AI hybrid content generation pipeline
In Osmosis, diffusion models (DMs) enable non-deterministic real-time architectural compositions that evolve through feedback. By interpolating across latent space, these models generate imagery that reflects organic-like complexity rather than rigid formalism. The workflow for producing content in each installation followed a structured multi-step sequence (Figure 3): • Developing high-fidelity 3D scans or manual models of target buildings or facades • Designing generative and procedural effects mapped to architectural features and projection layouts • Importing architectural renders into AI diffusion models for transformation (used in all but the fourth iteration) • Layering procedural and AI-generated imagery to create hybrid architectural compositions • Rendering outputs as AI-generated videos, with real-time rendering capabilities tested in final iteration • Using projection mapping software to align content with building surfaces and enable interactive input The proposed pipeline of the process for real-time AI-generated transmodal immersive façades. Source: Authors, 2024.

Across multiple iterations, we explored and refined the use of various AI models based on visual complexity, system responsiveness, and interactivity. Each of the four installations utilized AI models that received text, image, or video inputs to generate dynamic outputs. The first two installations employed a pre-rendered pipeline in which procedurally generated building videos and AI generated imagery were input into the system. In contrast, the final two installations marked a significant development with the use of a real-time diffusion model capable of handling multimodal input. This shift allowed for live adjustment of inputs, weights, and generation parameters during performance.

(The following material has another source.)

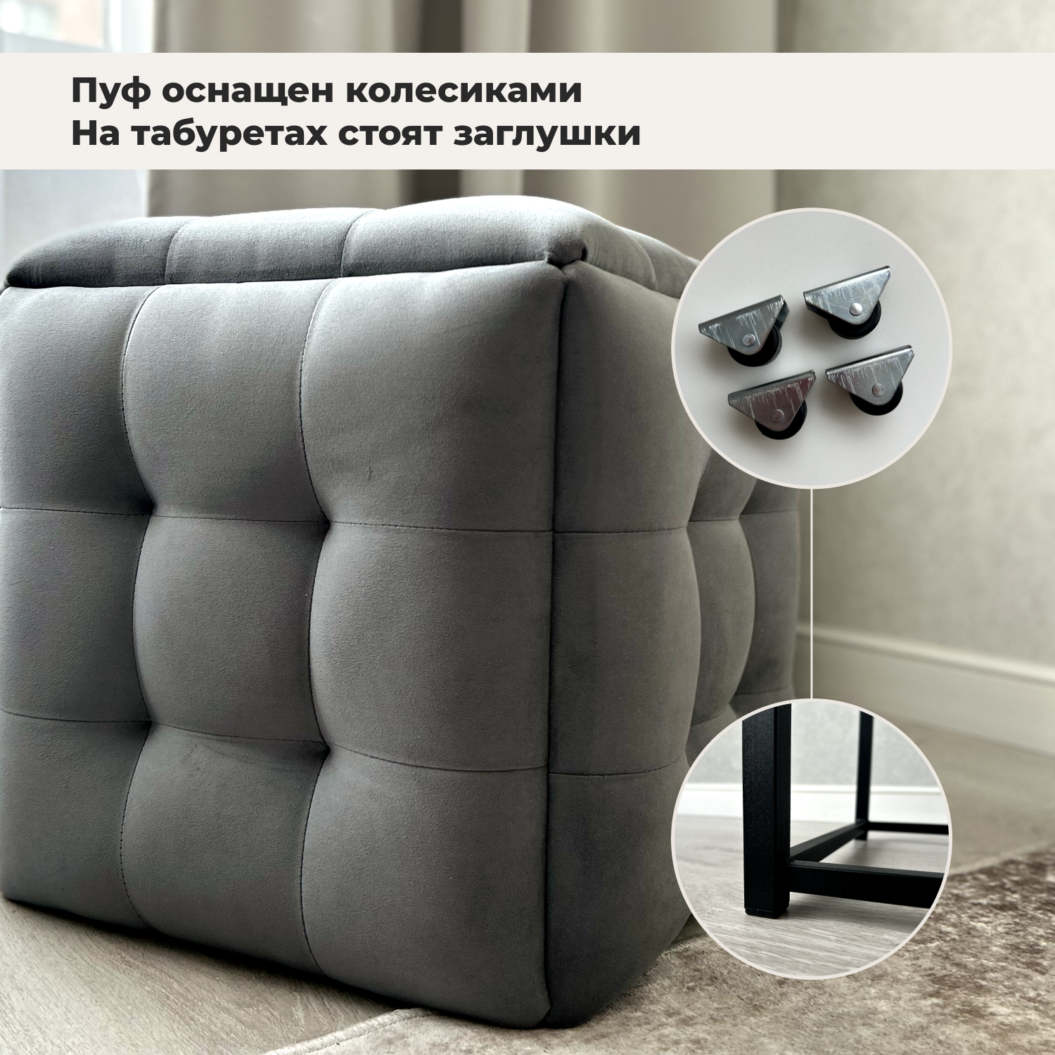 Купить Пуф трансформер 5 в 1 темно-серый, велюр, 50х50х53 см, Divan24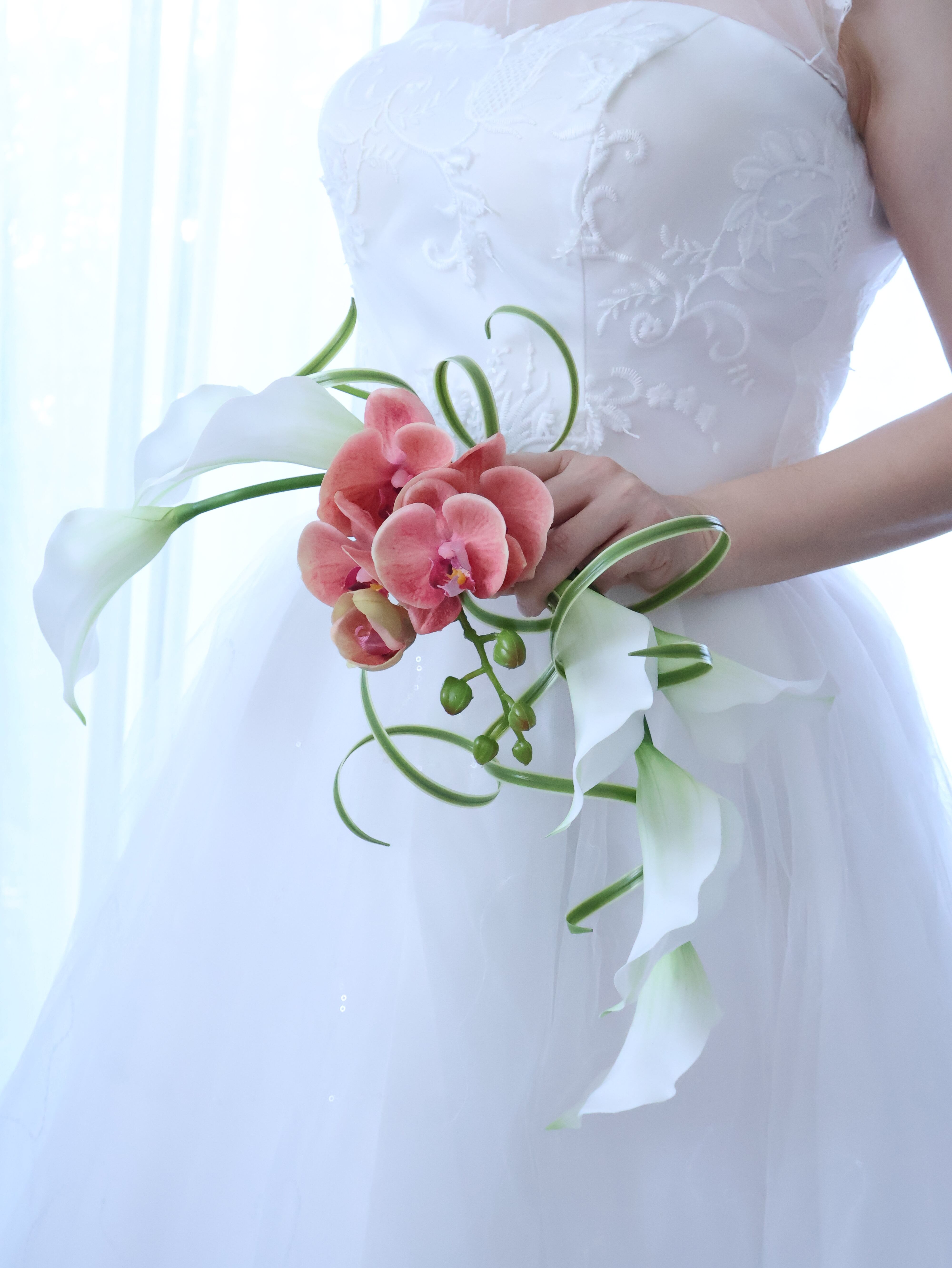 花嫁さま人気No.1のカラーと胡蝶蘭を、シンプルに束ねた一束

Projection mapping required precise adaptation of AI-generated content to match the unique physical characteristics of the building. Since video-to-video models rely on source input characteristics -including contours, motion, and form- we created accurate digital representations of the buildings. A 3D model of the building was produced in Blender, allowing us to simulate effects within the building’s volumes using Blender’s geometry and simulation nodes, along with Python scripting. Each structure was modeled with an outline frame and included architectural elements such as windows, doors, and recessed planes. These volumes served as scaffolds for embedded visual effects.
We integrated fluid dynamics, particle systems, and virtual lighting within each building volume to enhance spatial depth and simulate internal illumination. Render cameras were positioned to match the physical projector placements on site, ensuring alignment and reducing distortion during projection. Each camera output was mapped to a corresponding projector to maintain perspective fidelity.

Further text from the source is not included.